Problem statement:
Starting at the first line of the records below, reproduce every line up to and including the line with "ОписаниеUgreen CM417 5", but leave out all pictures.

Records provided:

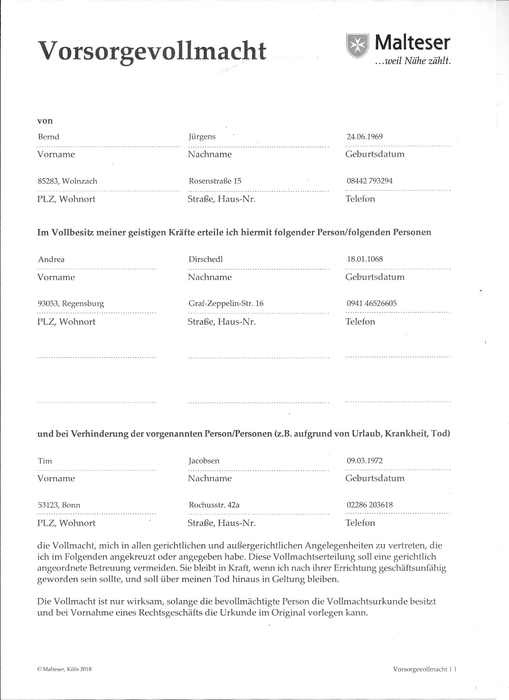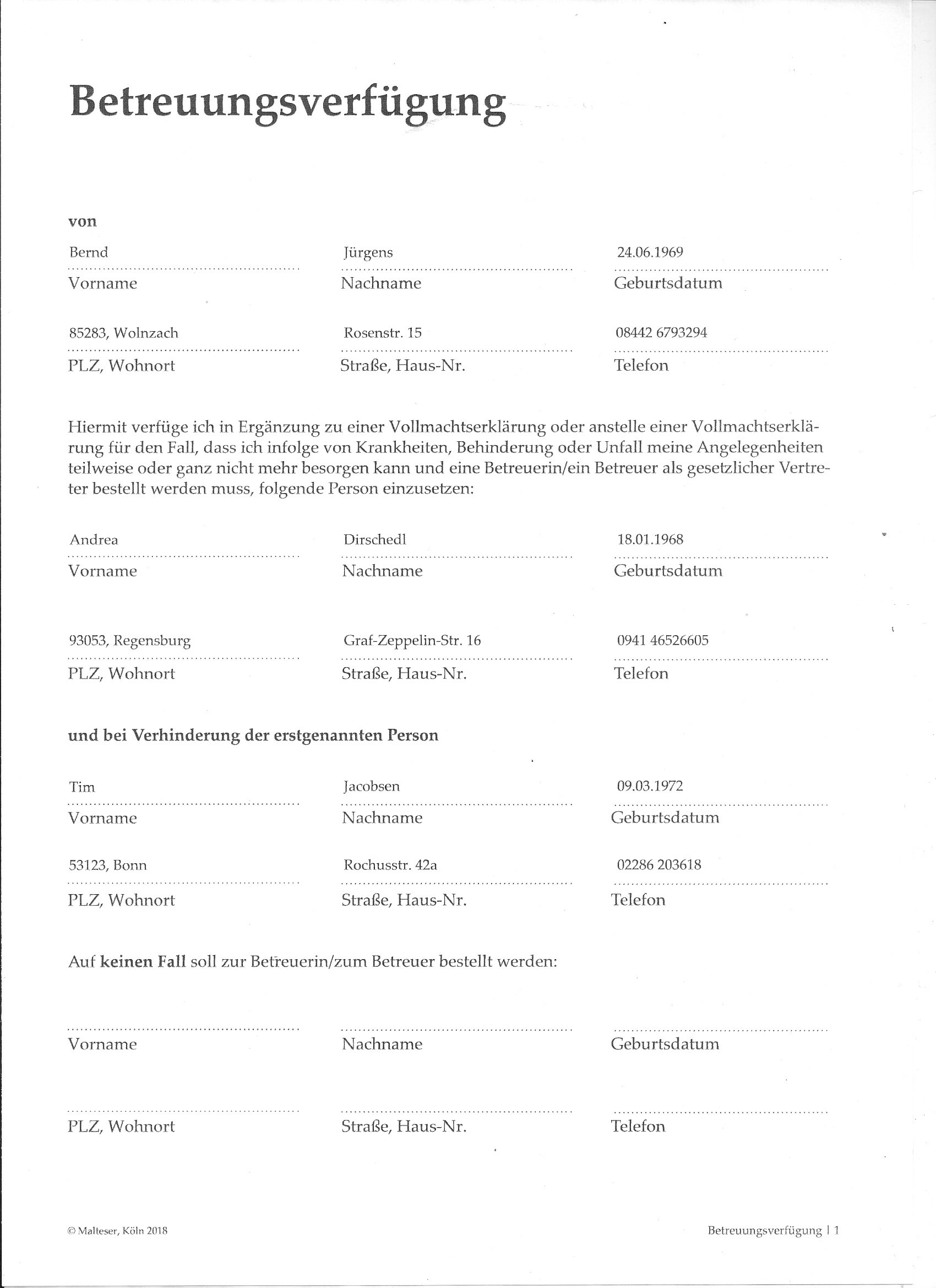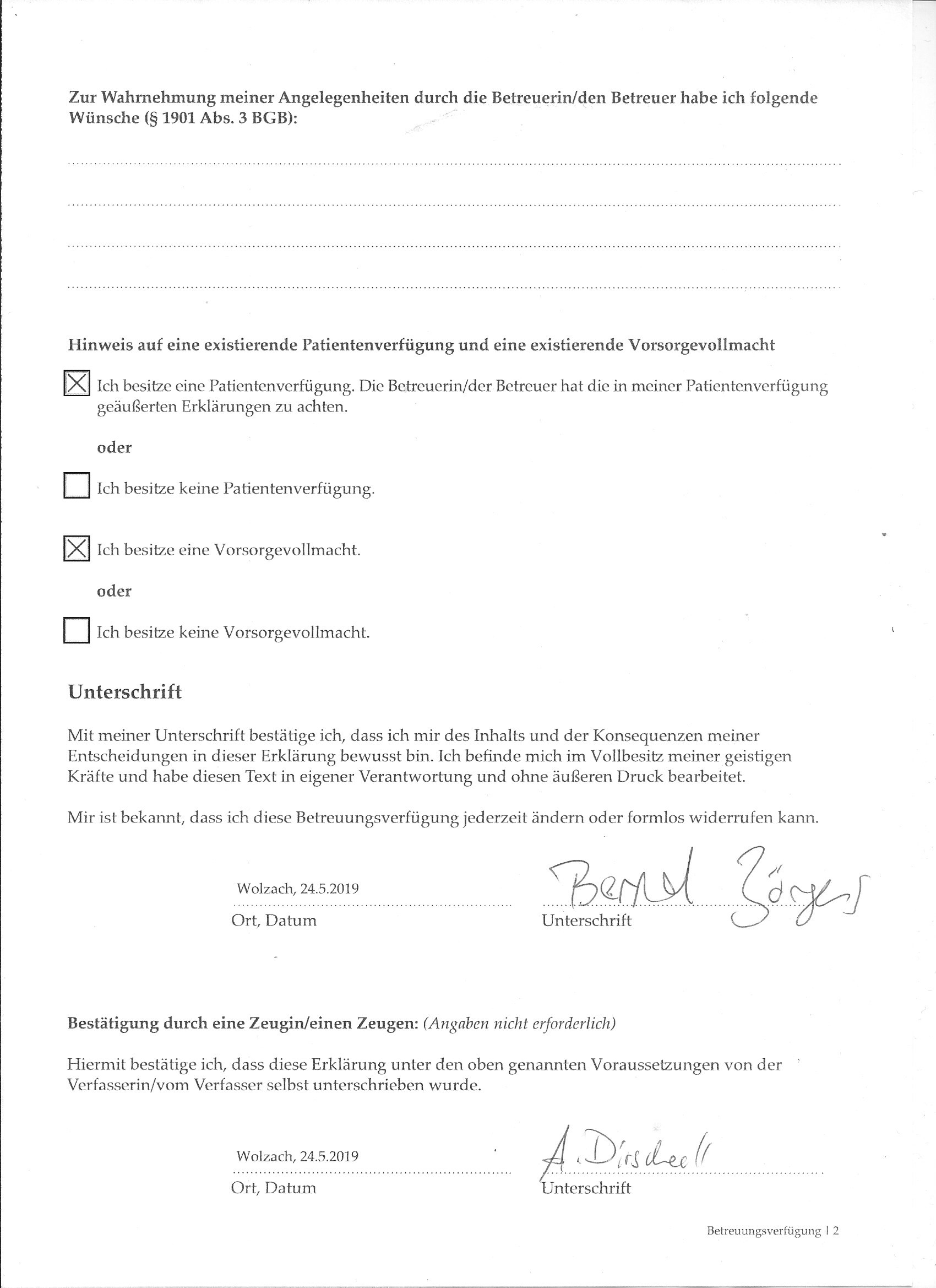 Patientenverfügung Bernd Jürgens Stand 24. Mai 2019
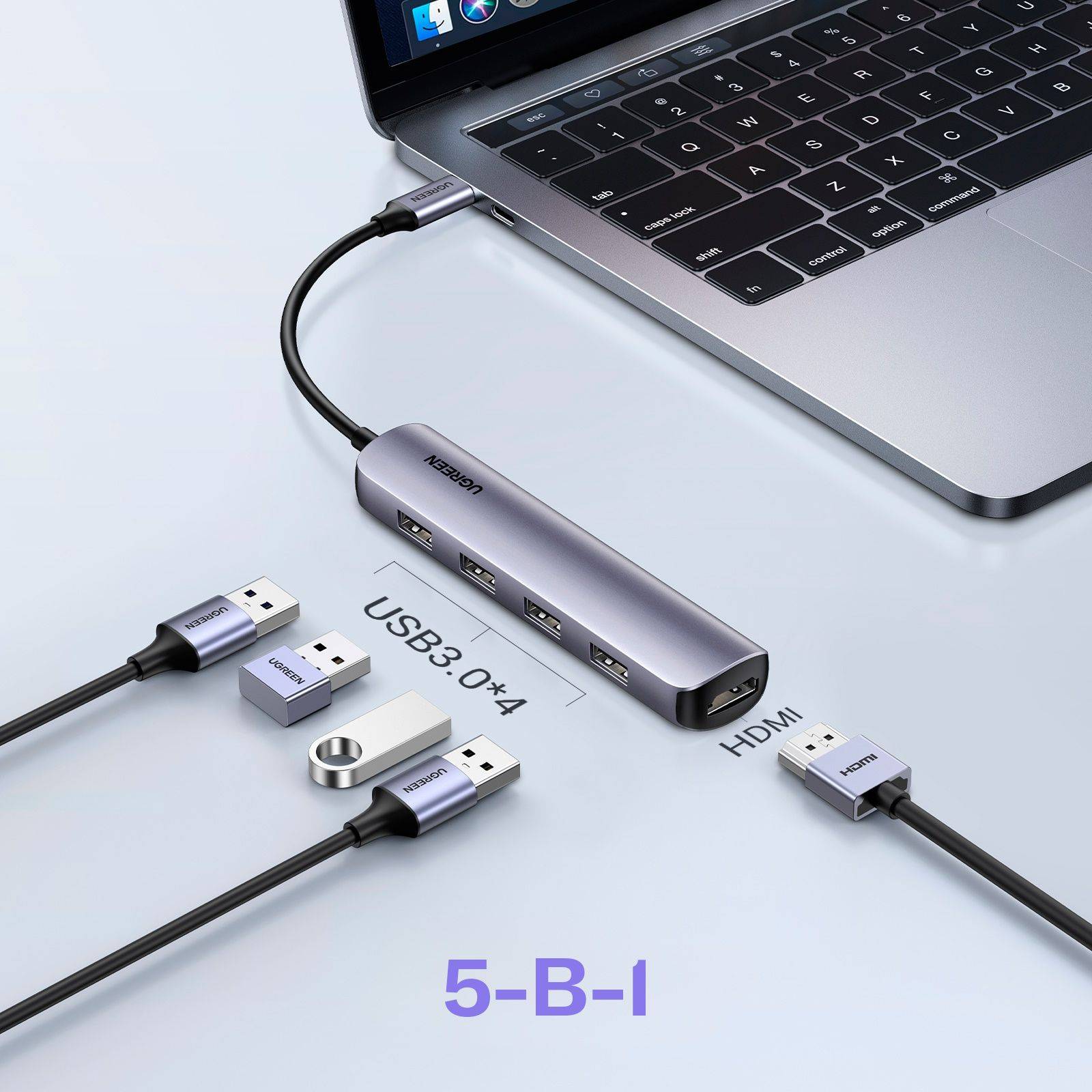 ОписаниеUgreen CM417 5 в 1 – многофункциональный USB Type-C хаб в компактном корпусе с разъемом HDMI с возможностью выводить изображение в разрешении 4K и четырьмя полноразмерными USB 3.0. Корпус Ugreen сделан из анодированного алюминия, который отлично выглядит и устойчив к внешнему воздействию.
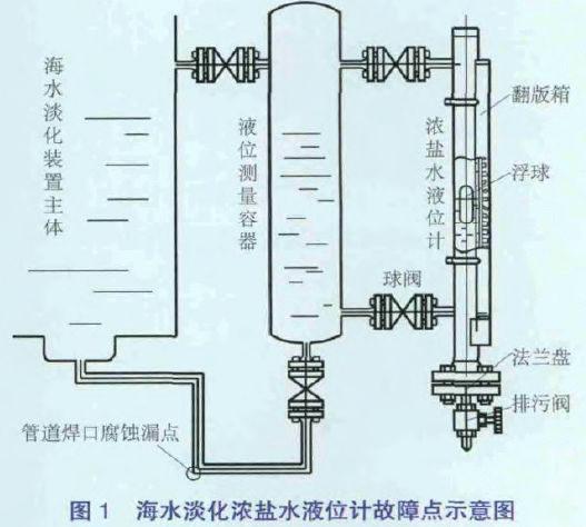 2013年12月16日0:20海淡水化裝置主體U3濃鹽水液位計開始出現(xiàn)30%~70%的波動,檢查液位計本體無異常,將液位計上、下閥門關小后,液位測量波動減小,但故障現(xiàn)象并未消失。利用高爐休風機會降海水淡化U3 主體負荷并查找故障原因。將液位計上、下閥門全關閉并拆下下部絲堵,打開排污閥徹底進行排氣排污處理,檢測磁性浮子,未發(fā)現(xiàn)異常。當投運后波動現(xiàn)象存在。濃鹽水液位計更換后再次試投運,發(fā)現(xiàn)液位計液位顯示波動更大、更頻繁。經(jīng)過排查發(fā)現(xiàn)與液位測量容器(見圖1)連接的管道焊接處有漏點,對該漏點進行封堵后液位測量顯示恢復穩(wěn)定,負荷狀態(tài)生產(chǎn)恢復正常。
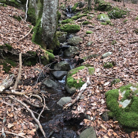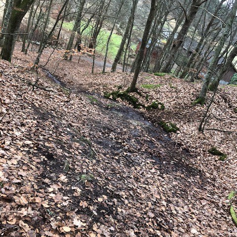 Backar är vi ju vana vid så det var bara att knata och gå. Upp, upp och upp. När vi kom högst upp på krönet var det som en platå. Det var många träd och en bäck porlade. Där fanns en bänk som passade utmärkt till att sitta och fika vid. När vi satt där såg vi ytterligare en bänk så här fanns det gott om fika platser.
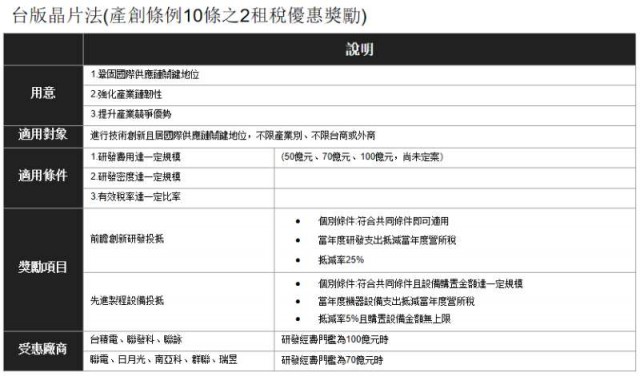 而且,这一法案宣称“无差距对待”,针对在中国台湾进行技术创新、且位居国际供应链关键地位的公司,不限相关产业类别,不限台商或外商。
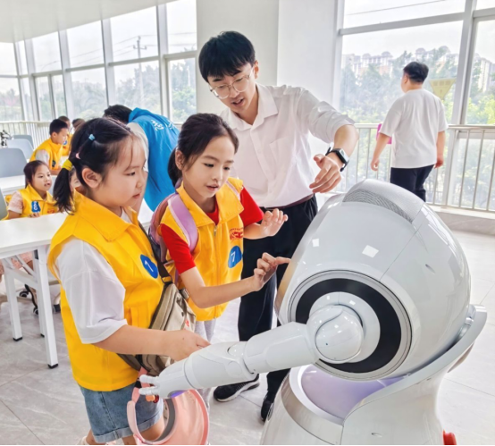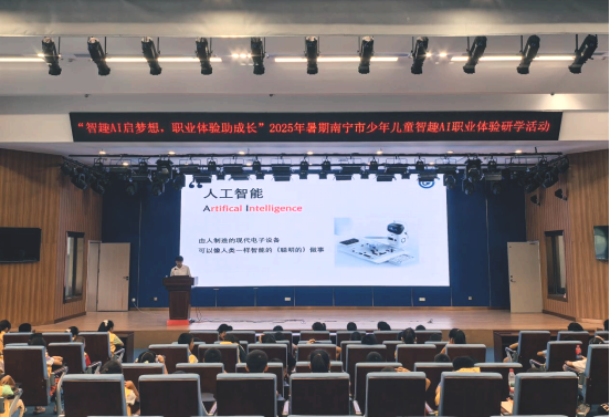 7月31日,由南宁市青少年活动中心主办、我院承办的“2025年暑期南宁市少年儿童智趣AI职业体验研学活动”在江南校区顺利开展。来自南宁市的81名小学生走进校园,沉浸式体验人工智能、虚拟现实等前沿技术,在趣味互动中开启AI科技探索之旅。

Completed exercise:
 Patientenverfügung Bernd Jürgens Stand 24. Mai 2019
 ОписаниеUgreen CM417 5 в 1 – многофункциональный USB Type-C хаб в компактном корпусе с разъемом HDMI с возможностью выводить изображение в разрешении 4K и четырьмя полноразмерными USB 3.0. Корпус Ugreen сделан из анодированного алюминия, который отлично выглядит и устойчив к внешнему воздействию.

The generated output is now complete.